What was going through the killer’s head? Why kill here, unless he was desperate? It was mostly commercial in this area. Apartments facing the street and businesses, but quiet at that time in the morning. If he had snuck up on the vic he could have done the job quickly and quietly. The coroner thought that a sword or something similar was used. How the hell do you hide a sword on the street? Who used a sword to kill? It would do the job but it tended to be very messy. Full blood spatters covered the ground and the wall of the adjoining building, so the victim was killed here. Maybe chased here? Too many questions. He rubbed his hands across his day’s worth of stubble and yawned. They wouldn’t get much sleep as long as bodies kept showing up.
His eyes glanced to the side and something struck him as out of the ordinary. A pile of rocks, too orderly to be random. He crossed the few feet to get a closer look. The rocks held a long, dark shiny feather in place. Sé would bet anything it was a raven’s feather. Fuck! What did it mean? Did Thorn come back and put it here as a signature? Or did the killer put it here as a warning? Had he talked to a murderer today or not?

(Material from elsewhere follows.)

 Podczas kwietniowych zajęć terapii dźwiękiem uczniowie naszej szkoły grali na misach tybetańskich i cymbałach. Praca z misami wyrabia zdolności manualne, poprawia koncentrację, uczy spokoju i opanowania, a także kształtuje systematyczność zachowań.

Sé took a minute to let the breeze wash over him as he thought. Soon his hands and face grew numb from the cold air. He wasn’t any closer to a decision about whether he should turn this evidence in or not. He knew what would happen if he did. They’d quit looking and he couldn’t ignore his hunch that there was more to this than a beautiful, lone witch. He’d rather sit on things a bit. He pulled a glove on, picked up the feather, placed it in an evidence bag and put it in his pocket.
CHAPTER SIX
Elements of the sun, elements of the day, come this way. I summon thee. I call upon thee to protect me.

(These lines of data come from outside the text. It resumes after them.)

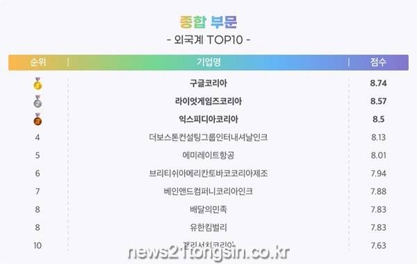 구글코리아는 8.74점으로 외국계 1위, 종합 4위에 올랐다. 구글은 지난해에 이어 올해도 잡플래닛이 뽑은 주목할 기업 외국계 부분 1위에 오르며, 명실상부 글로벌 대표 기업의 저력을 보였다. 조직원들의 구글에 대한 신뢰와 믿음은 리뷰에서 고스란히 드러난다. "찐 수평적인 문화" "엄청난 업무자율성" "높은 기본금과 보너스 주식" "서로 배려하는 조직문화" "일에 집중할 수 있는 환경을 만들어 줌" "최고의 복지를 자랑하는 진짜배기 외국계 기업" 등 급여와 복지, 사내문화, 일하는 방식까지 모든 부문에서 흠잡을 데 없는 만족감을 보였다.
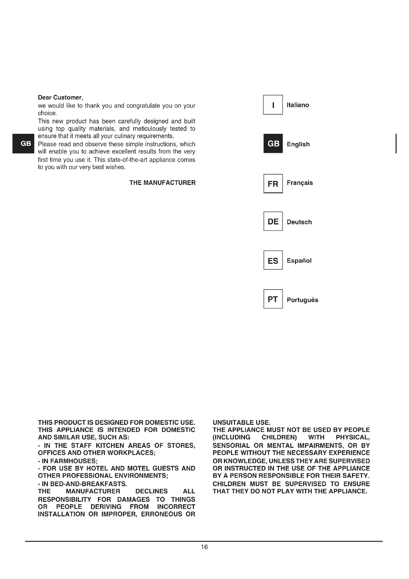 THAT THEY DO NOT PLAY WITH THE APPLIANCE. Dear Customer, we would like to thank you and congratulate you on your choice. This new product has been carefully designed and built using top quality materials, and meticulously tested to ensure that it meets all your culinary requirements. Please read and observe these simple instructions, which will enable you to achieve excellent results from the very first time you use it. This state-of-the-art appliance comes to you with our very best wishes. THE MANUFACTURER Italiano
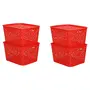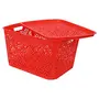 Cutting EDGE Unbreakable Plastic Turkish Baskets Large with Lid for Storage Baskets for Fruit Vegetable Bathroom Stationary Home Basket with Handle - Red Set of 4
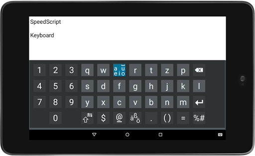 SpeedScript benutzt ein QWERTZ-Layout ohne Vokaltasten. Auf der Standard-QWERTZ-Tastatur liegen die meisten Vokale am Rand. Davon profitiert SpeedScript, wenn es die QWERTZ-Tastatur komprimiert, ohne das vertraute Layout zu verlieren. Die verbleibenden Tasten liegen beinahe auf den identischen Positionen im Verhältnis zueinander.
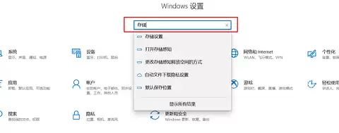 进入设置后,在上方的搜索框里直接输入“存储设置”并打开它。

He picked his way back to his car, keeping his light on so he wouldn’t fall on the sharp concrete pieces, like shards of glass, waiting to cut up an unobservant bystander. Sé took a right on Cedar to Euclid Avenue and wound his way up to Grizzly Peak. Driving to the next crime scene where the first body was found, in Tilden Park. As he climbed the switchback hills he thought about Willow Sanchez. Aged 37, lived in Berkeley, a Wiccan according to Thorn. Their files had Willow working as a financial holdings administrator at a bank in San Francisco. She had a live-in girlfriend and no next of kin.
Willow could have been performing some kind of ceremony up here. Many of the witches came here for that. The thick cover of nature called to them. It would have been easy to sneak up on her that way.

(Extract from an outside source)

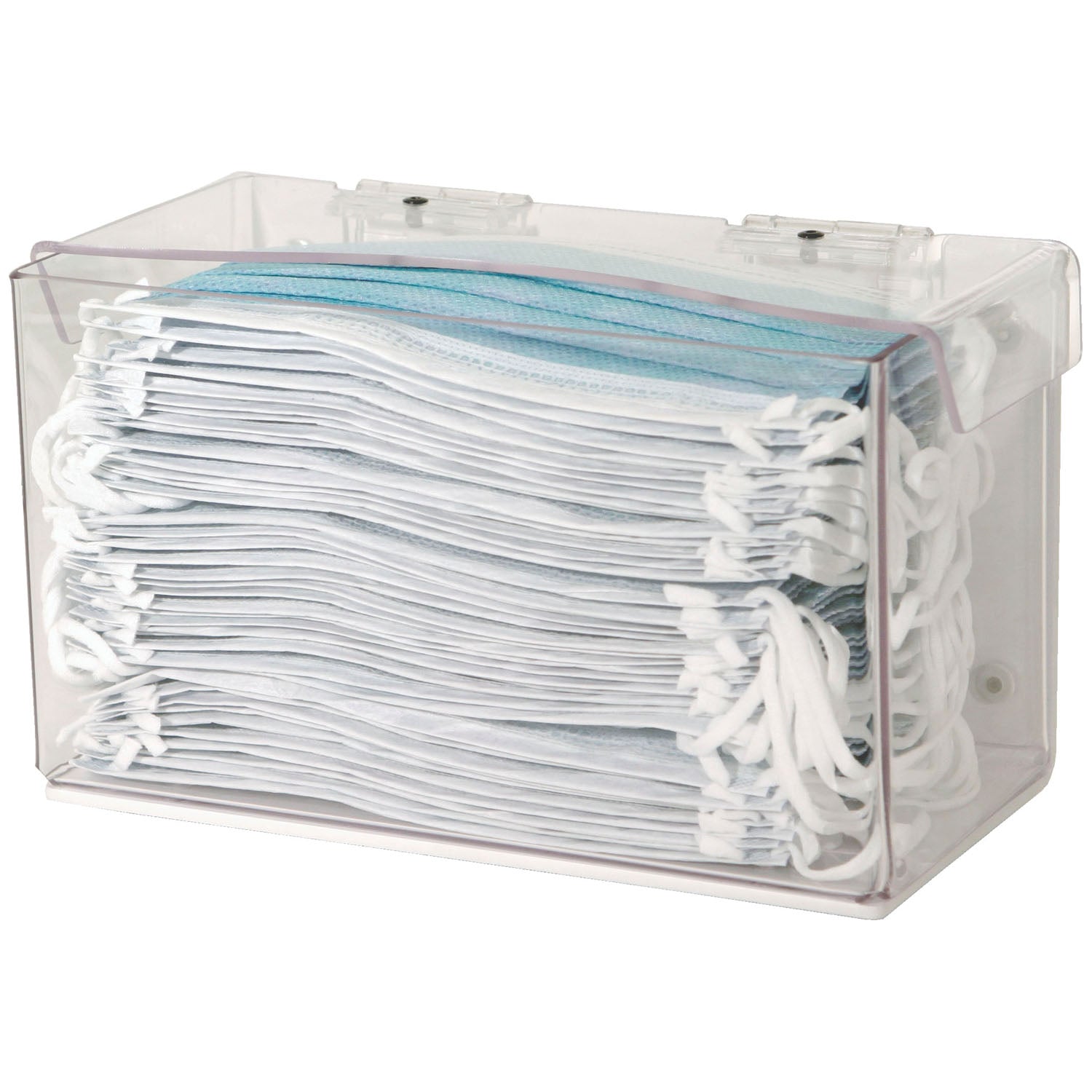 Face Mask Dispenser, Earloop Style, Holds One Box of Earloop Face Masks in Bulk Quantity, Hinged Lid, Keyholes For Wall Mounting, White ABS Plastic & Clear PETG Plastic (Made in USA)
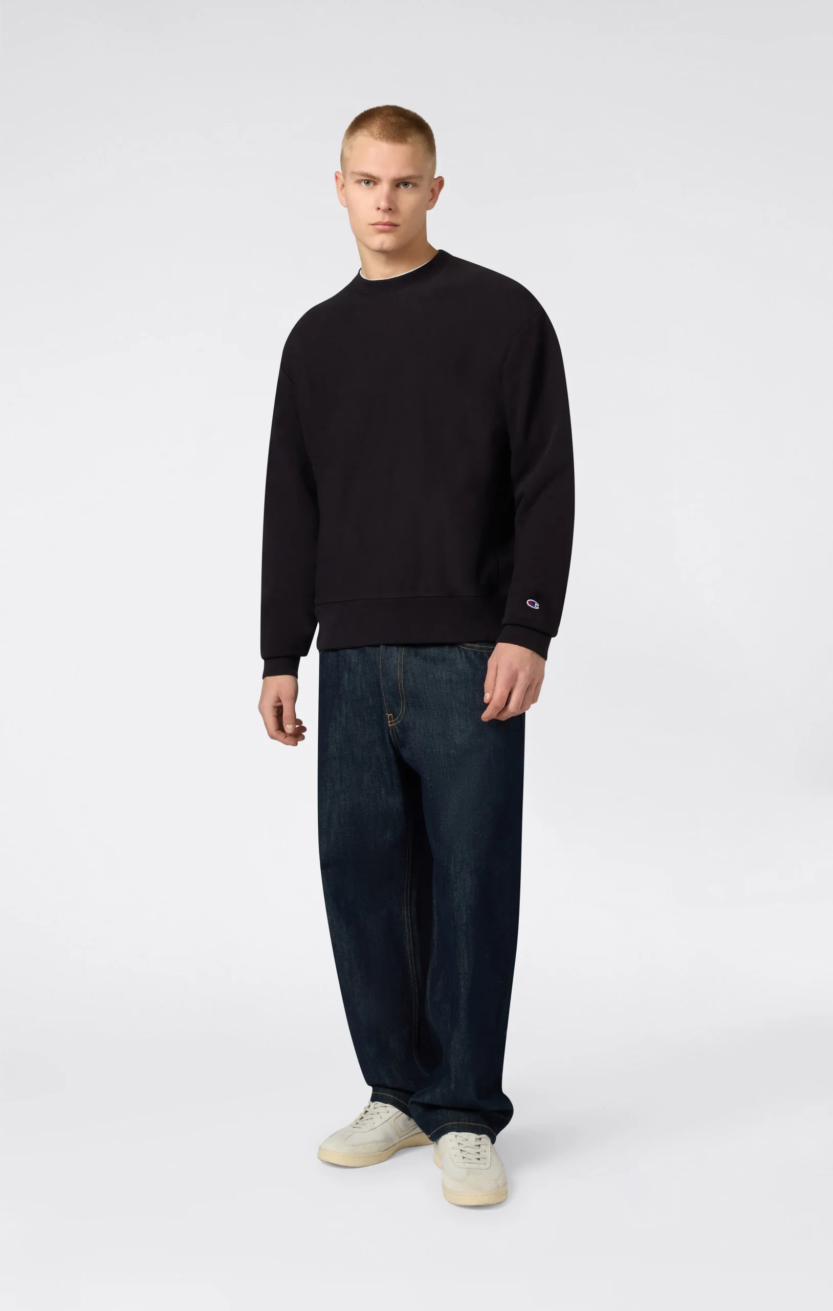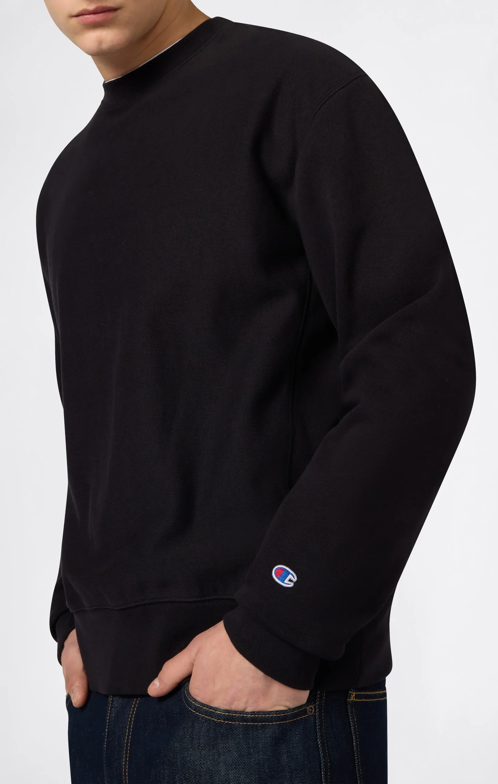 An essential and timeless crewneck sweatshirt, born from Champion’s authentic sporting heritage. This model is part of the historic Reverse Weave line, a technique patented in 1934 that revolutionized sportswear with its resistance to shrinkage and ability to maintain its original shape over time. Made from 400 g/m² terry fabric with an unbrushed interior, it offers comfort, breathability and lasting durability, making it perfect for mild temperatures and transitional seasons. The relaxed fit and iconic details reflect the brand’s authentic and timeless style.@@@Fabric: Soft Reverse Terry Solid Colors 400 g/m² |Composition: 82% Cotton, 18% Polyester |Unbrushed Terry fabric |Reverse Weave fabric: durable and designed to maintain its shape over time |Ribbed crewneck |Ribbed cuffs and hem |Embroidered C patch on left sleeve |Fit: Relax Fit: soft and comfortable fit, slightly loose on the chest, dropped shoulders, regular length

He pulled over onto a cutaway and got out of his car. A raccoon shuffled across the road, glaring, puffed up so he was as large as possible. The trees were thick and stretched their branches, like fingertips, to reach the slightest bit of sunlight. Tilden Park was home to everything from wild turkeys to wild cats. The air smelled fresher up here high above the city, Sé thought. He took a moment to look down at the bay and the spectacular view. In the early morning light he could see across to San Francisco. He thought about the requirements of his job—he was a human Geiger counter. Humanity was a dichotomy, constantly balancing between beauty and evil. He knew he couldn’t fix everything and had tried to make peace with it. He knew that the fragile nature of man meant job security.